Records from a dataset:
+===+

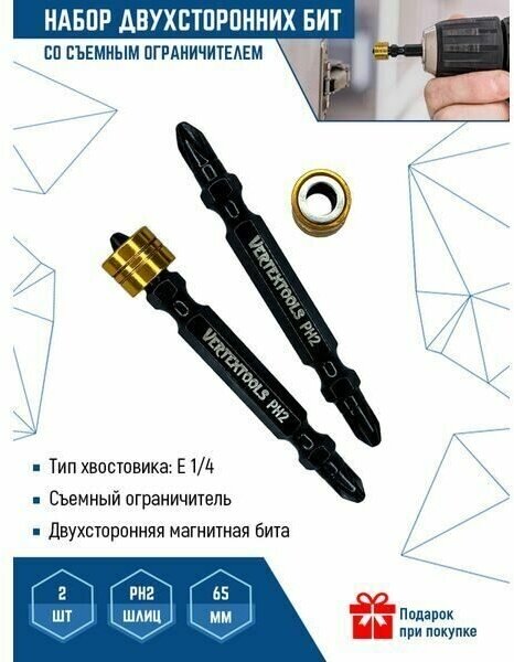 Type: bit, bit type: double ended, tip type: PH2, magnetic adapter, tip shape: cross, length: 65 mm
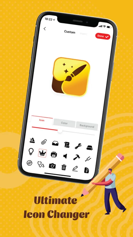 Choose from over 100 icons as well as upload your own photos to change app icon, Icon Changer gives you the most convenient tool to beautify your home screen. This app also allows you to customize icon with a wide range of color either solid or gradient for a higher personalization.
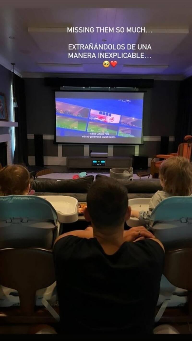 Mediante su cuenta de Instagram escribió cuánto los extrañaba. “Los extraño mucho. Extrañándolos de una manera inexplicable”, escribió en una historia en la que subió una foto donde aparece Noah y Nala sentados en sus respectivas sillas de niño, su padre en medio de ellos, todos dan la espalda y se puede observar que están viendo algo relacionado al futbol.
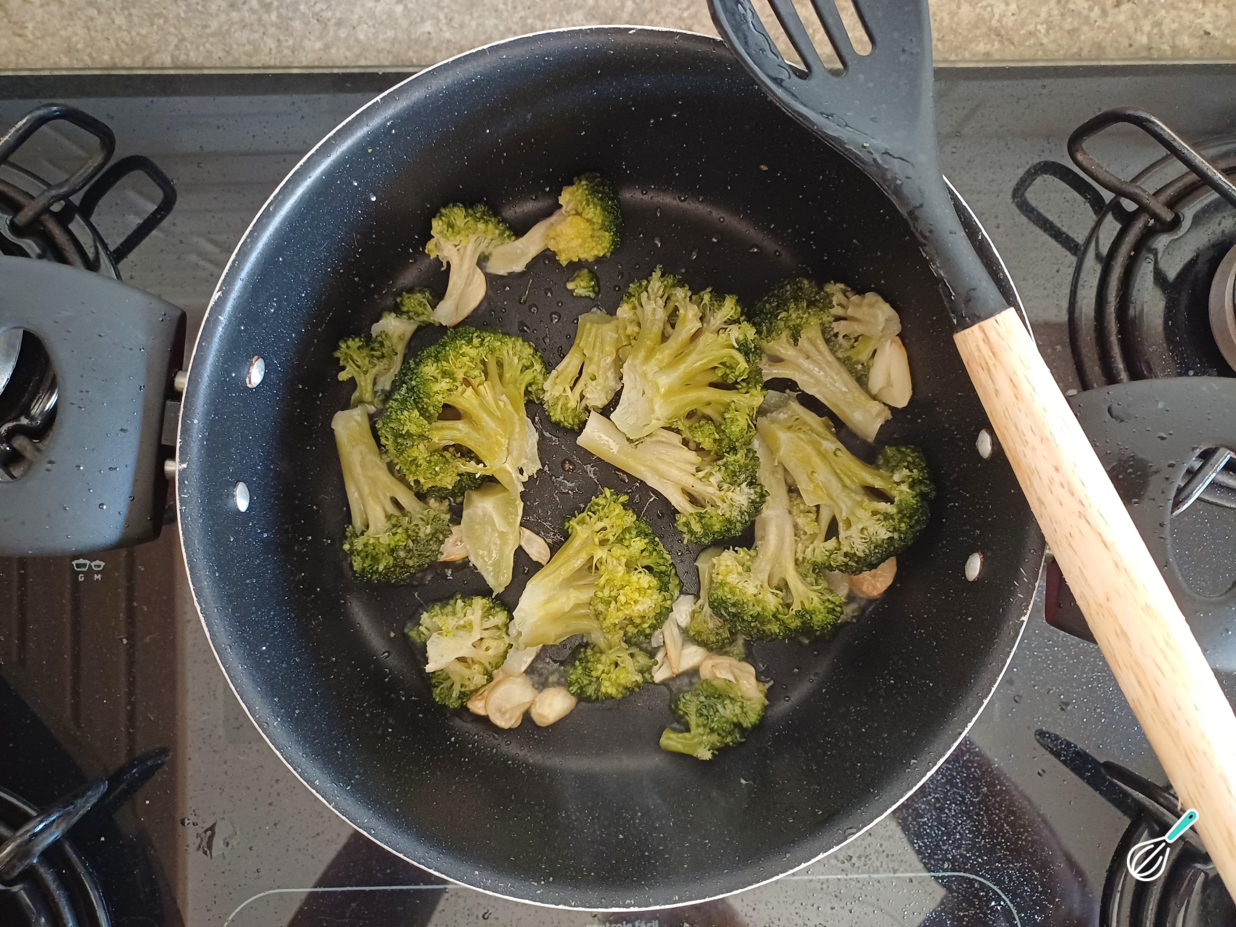 Dica: Pré-cozinhe os brócolis em água e sal por 10 minutos antes de refogar, para que fiquem mais macios.
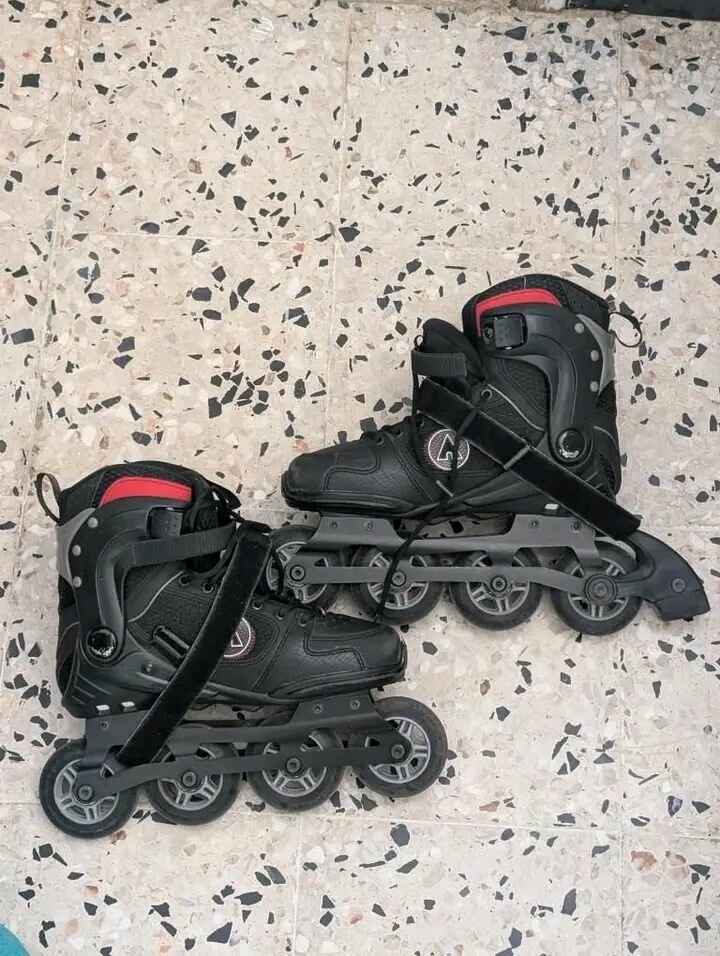 Ensemble de rollers et protections pour une expérience de patinage sécurisée et agréable. Choisissez entre modèles élégants noir ou turquoise. Comprend genouillères, coudières et protège-poignets. Parfait pour loisirs ou sport. Convient aux débutants et intermédiaires. Sécurité et style garantis!
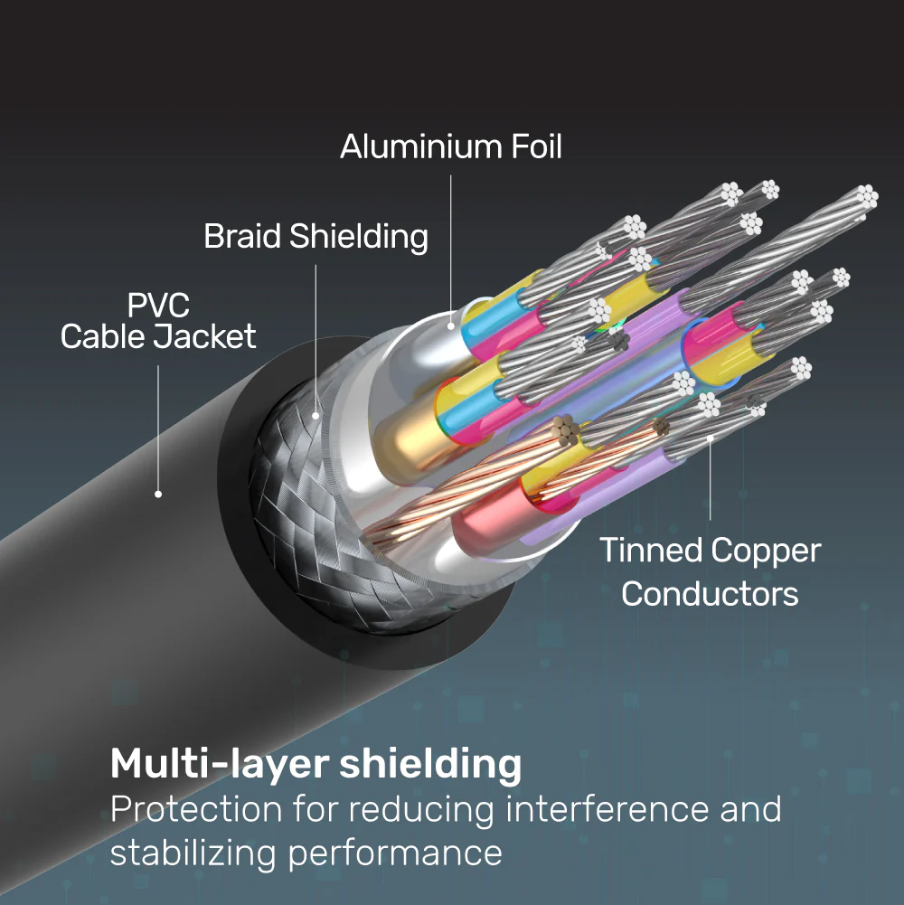 A6: It features corrosion-resistant gold-plated connectors and a 7-layer shielding structure for superior durability and resistance to electromagnetic interference.
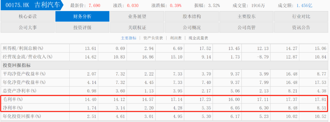 而14.40%的毛利率是继2022年14.12%之后的毛利率的新低,近三个报告期的毛利率均低于15%,创下新纪录,此前,吉利汽车毛利率动辄17%以上,毛利率下滑较为明显。净利率方面,吉利汽车同样创下最低纪录。1.74%的净利率是吉利汽车首次低于2%。此前同期基本维持在4%至8.5%之间,如今的净利率不足高峰时的1/6。
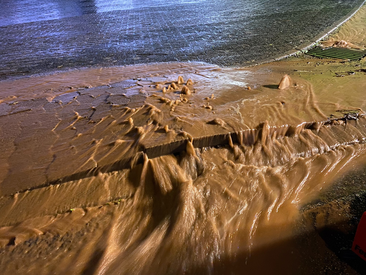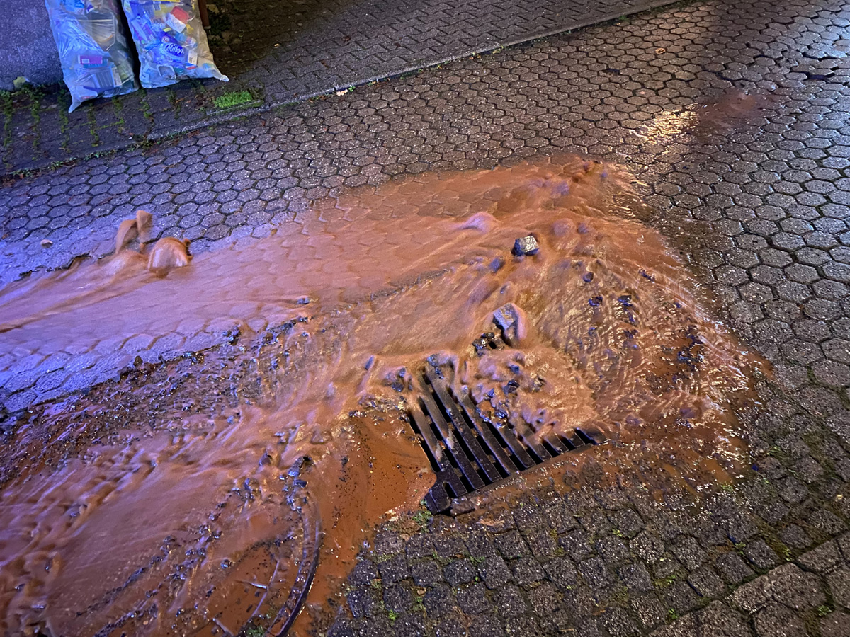 Straße unterspült und Keller unter Wasser am Matzenberg
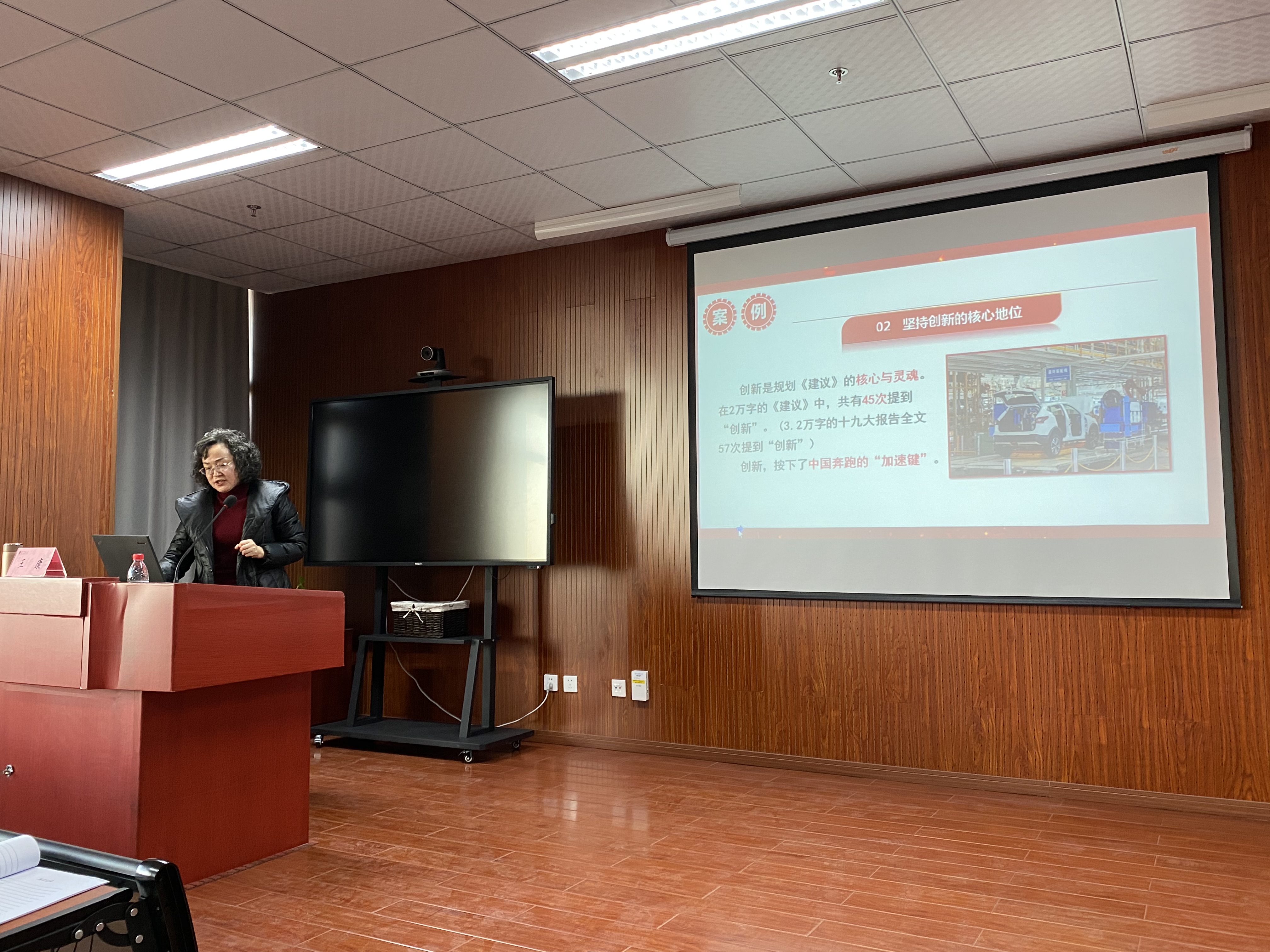 最后,我们还请到了马克思主义学院的王康教授,为全院上了一堂题为《奋进新时代 开启新征程——学习党的十九届五中全会精神》的政治学习课。亮成绩——判大势——定战略——谋重点,王教授从四个部分深入浅出地告诉与会教师党的十九届五中全会的重要性和历史性。

+===+

Task statement: Begin at the first line of the entries above and return each line exactly, stopping after the line that contains "A6: It features". Pictures do not belong in the copy.

Result below:
 Type: bit, bit type: double ended, tip type: PH2, magnetic adapter, tip shape: cross, length: 65 mm
 Choose from over 100 icons as well as upload your own photos to change app icon, Icon Changer gives you the most convenient tool to beautify your home screen. This app also allows you to customize icon with a wide range of color either solid or gradient for a higher personalization.
 Mediante su cuenta de Instagram escribió cuánto los extrañaba. “Los extraño mucho. Extrañándolos de una manera inexplicable”, escribió en una historia en la que subió una foto donde aparece Noah y Nala sentados en sus respectivas sillas de niño, su padre en medio de ellos, todos dan la espalda y se puede observar que están viendo algo relacionado al futbol.
 Dica: Pré-cozinhe os brócolis em água e sal por 10 minutos antes de refogar, para que fiquem mais macios.
 Ensemble de rollers et protections pour une expérience de patinage sécurisée et agréable. Choisissez entre modèles élégants noir ou turquoise. Comprend genouillères, coudières et protège-poignets. Parfait pour loisirs ou sport. Convient aux débutants et intermédiaires. Sécurité et style garantis!
 A6: It features corrosion-resistant gold-plated connectors and a 7-layer shielding structure for superior durability and resistance to electromagnetic interference.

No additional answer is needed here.